§ PROBLEM
Return, word for word, every line starting at the line with "第一章节,会介绍要重视转化率的 3 重原因。虽说大家都知道转化率很重要,但事实上重视的程度还不够系统,也不够细节。" and ending at the final line of the entries; skip the pictures.

§ EXERCISE MATERIAL

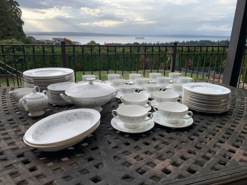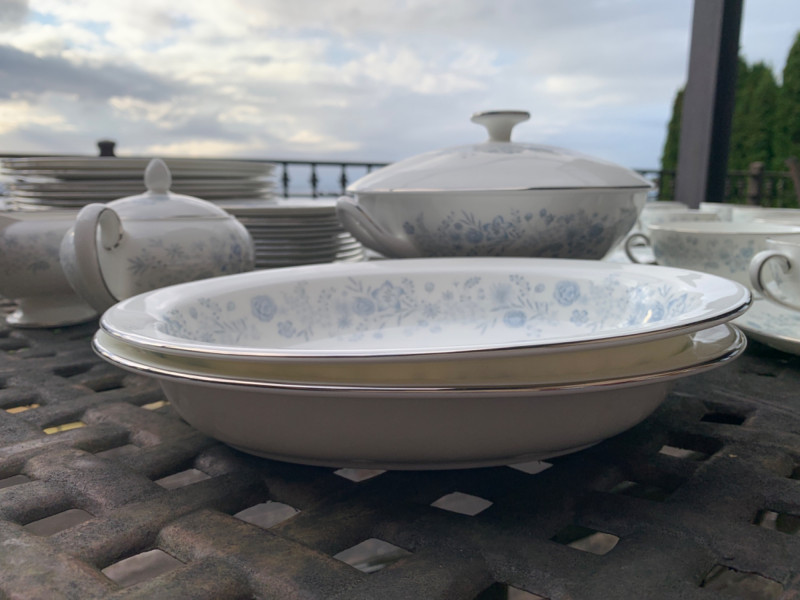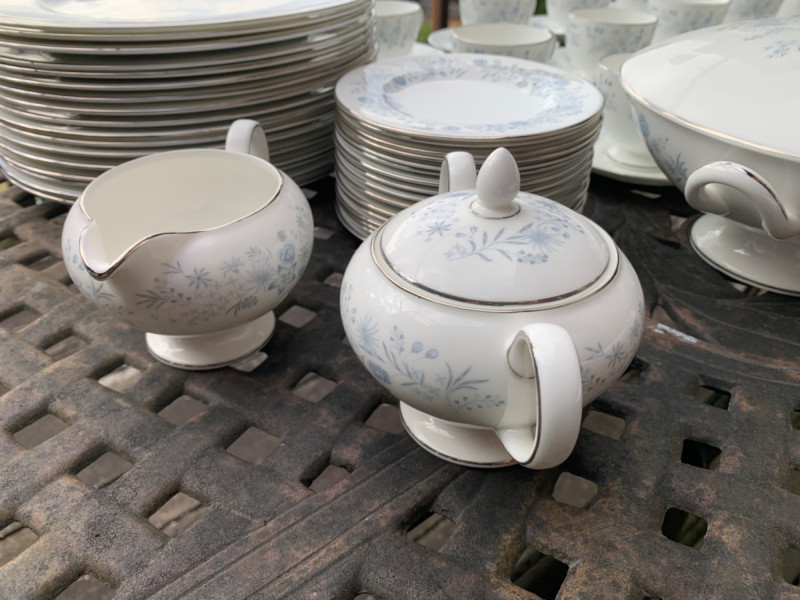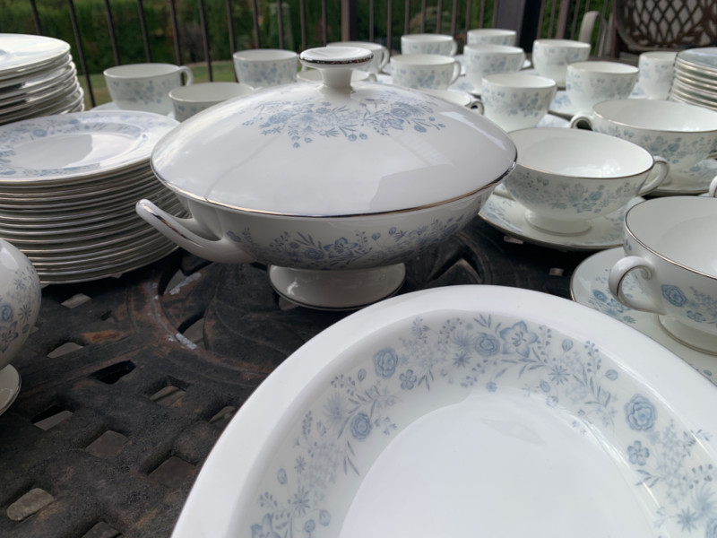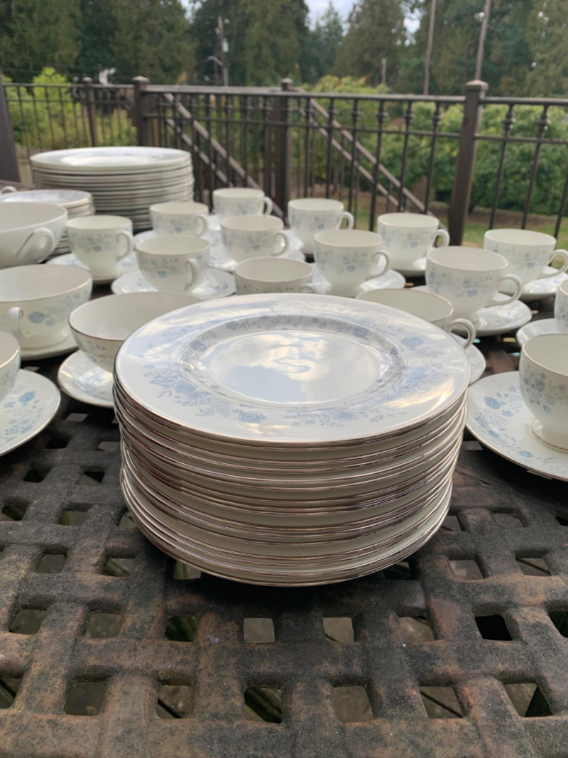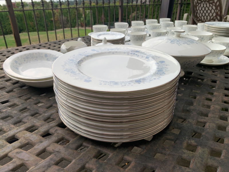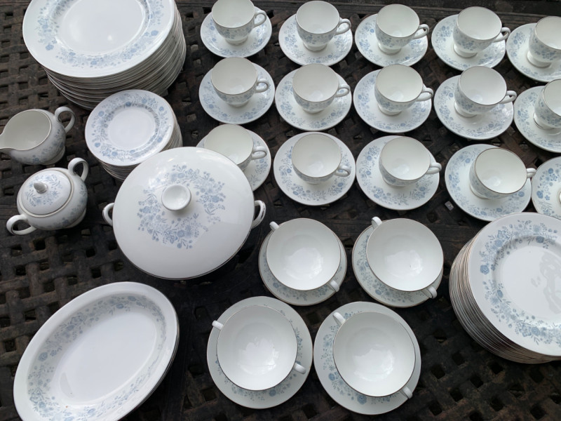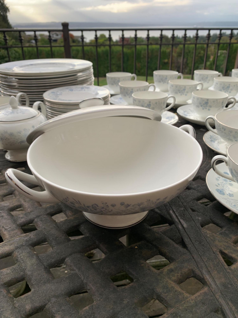 This is a beautiful and extensive vintage dinnerware set in the popular Belle Fleurpattern by Wedgwood, a renowned English brand. The pattern, produced from 1961 to 1991, features delicate blue and gray floral sprays on a pristine white bone china body, all finished with an elegant platinum trim. This discontinued pattern is a timeless classic that would make a wonderful addition to any collection or for special occasions. The set includes a large number of pieces, suitable for a dinner party or formal gathering. The pieces are in excellent vintage condition with minimal signs of wear. Condition: Excellent vintage condition. No chips, cracks, or crazing. The platinum trim is largely intact with minimal wear. Please see photos for a complete and accurate representation of the set. Brand: Wedgwood Pattern: Belle Fleur Material: Fine Bone China with Platinum Trim Production Era: 1961-1991Country of Origin: England Care: Hand wash recommended to preserve the platinum trim. This is a fantastic opportunity to own a complete set of this desirable vintage dinnerware.
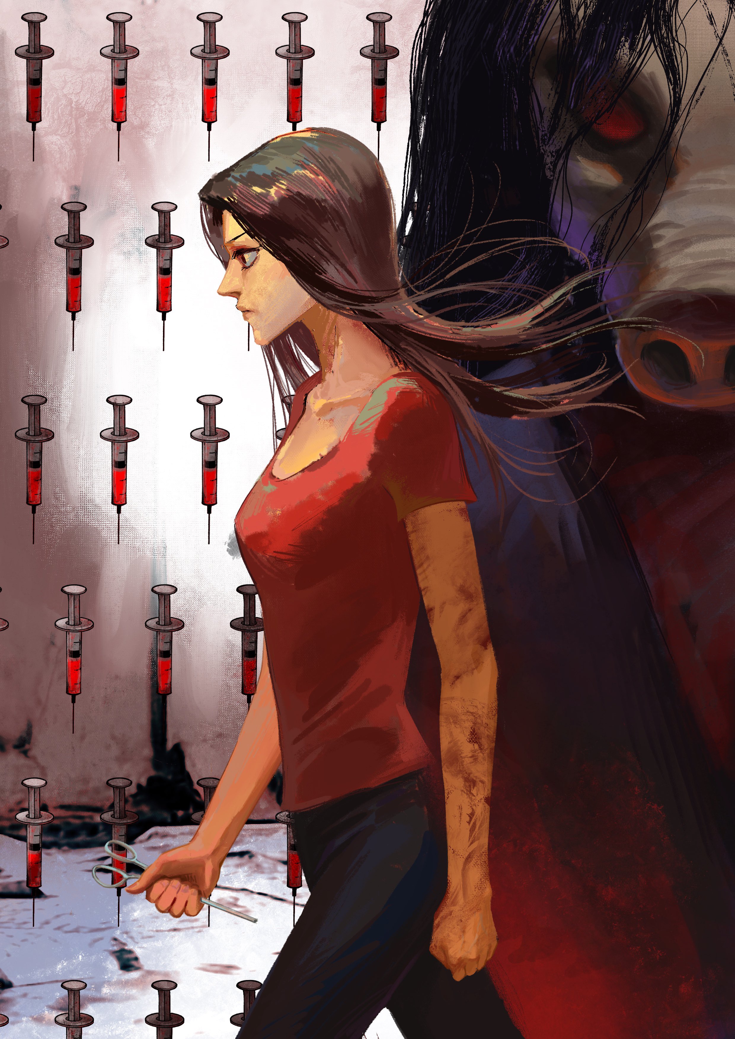 1girl absurdres amanda_young black_pants blood blood_on_arm brown_eyes brown_hair bruise bruise_on_arm chinese_commentary clenched_hands closed_mouth collarbone cowboy_shot from_side highres holding holding_scissors injury long_hair looking_ahead pants pig_mask red_shirt sanho_sanho saw_(movie) scissors shirt short_sleeves solo syringe t-shirt walking
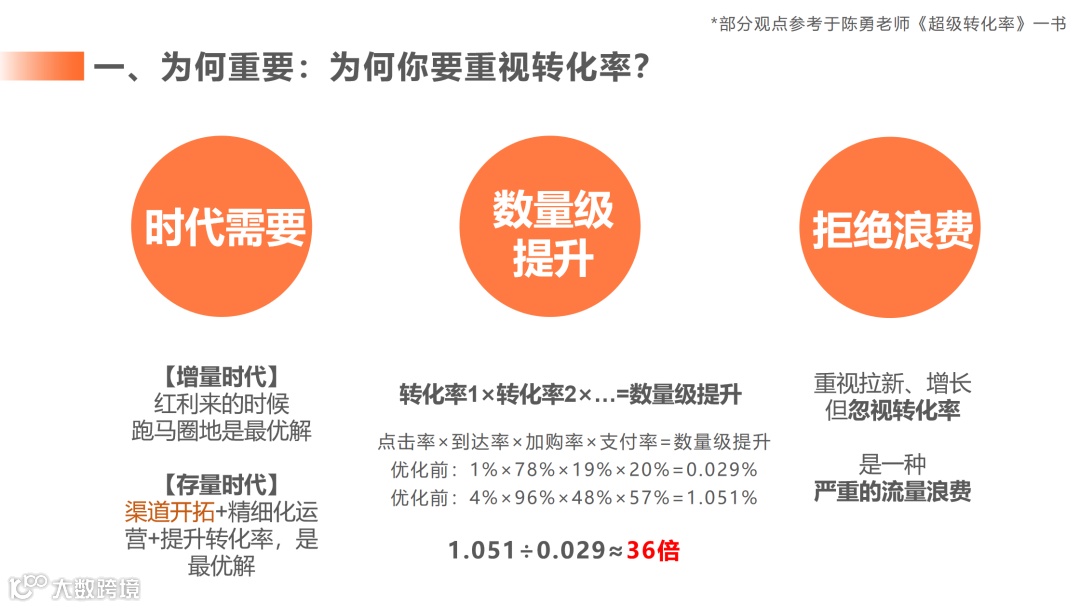 第一章节,会介绍要重视转化率的 3 重原因。虽说大家都知道转化率很重要,但事实上重视的程度还不够系统,也不够细节。
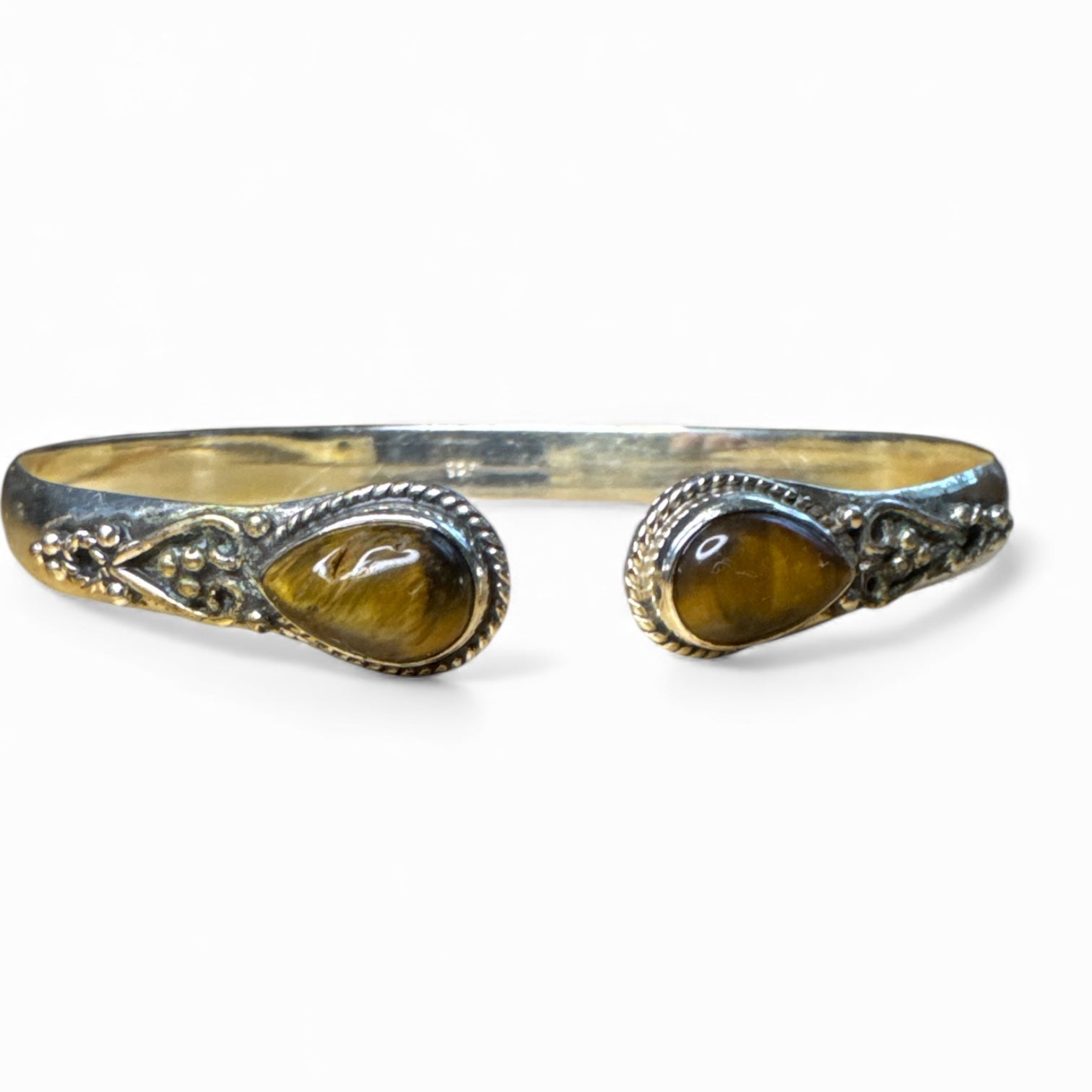 Tiger Eye Solid 925 Sterling Silver Bangle Bracelet
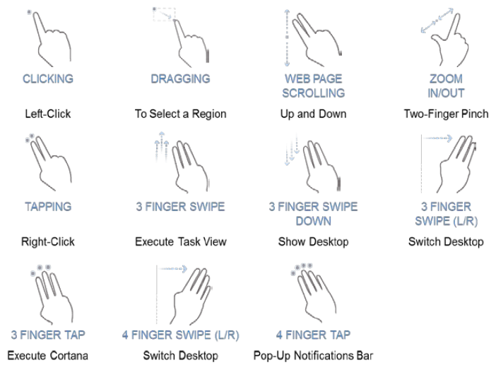 Leider leidet das ClickPad an dem üblichen Phänomen: Durch die Aufhängung des Pads im oberen Bereich ist der Hubweg unten größer als in der Mitte und oben fast nicht mehr vorhanden. Durch den bauartbedingten knappen Hubweg von geschätzt einem knappen Millimeter (aber nur ganz unten, oben weniger) ist das haptische Feedback des Klicks äußerst schwach. Der Druckpunkt kommt dabei kaum noch zur Geltung. Hier kommt keine Begeisterung auf, sofern der Klick denn überhaupt genutzt wird, schließlich unterstützt das Pad die Windows 10 Four-Point Multi-Touch Gestures. So kann z. B. das allgemeine Konfigurationsmenü durch das Auflegen von vier Fingern aufgerufen werden.

§ WORKED SOLUTION
 第一章节,会介绍要重视转化率的 3 重原因。虽说大家都知道转化率很重要,但事实上重视的程度还不够系统,也不够细节。
 Tiger Eye Solid 925 Sterling Silver Bangle Bracelet
 Leider leidet das ClickPad an dem üblichen Phänomen: Durch die Aufhängung des Pads im oberen Bereich ist der Hubweg unten größer als in der Mitte und oben fast nicht mehr vorhanden. Durch den bauartbedingten knappen Hubweg von geschätzt einem knappen Millimeter (aber nur ganz unten, oben weniger) ist das haptische Feedback des Klicks äußerst schwach. Der Druckpunkt kommt dabei kaum noch zur Geltung. Hier kommt keine Begeisterung auf, sofern der Klick denn überhaupt genutzt wird, schließlich unterstützt das Pad die Windows 10 Four-Point Multi-Touch Gestures. So kann z. B. das allgemeine Konfigurationsmenü durch das Auflegen von vier Fingern aufgerufen werden.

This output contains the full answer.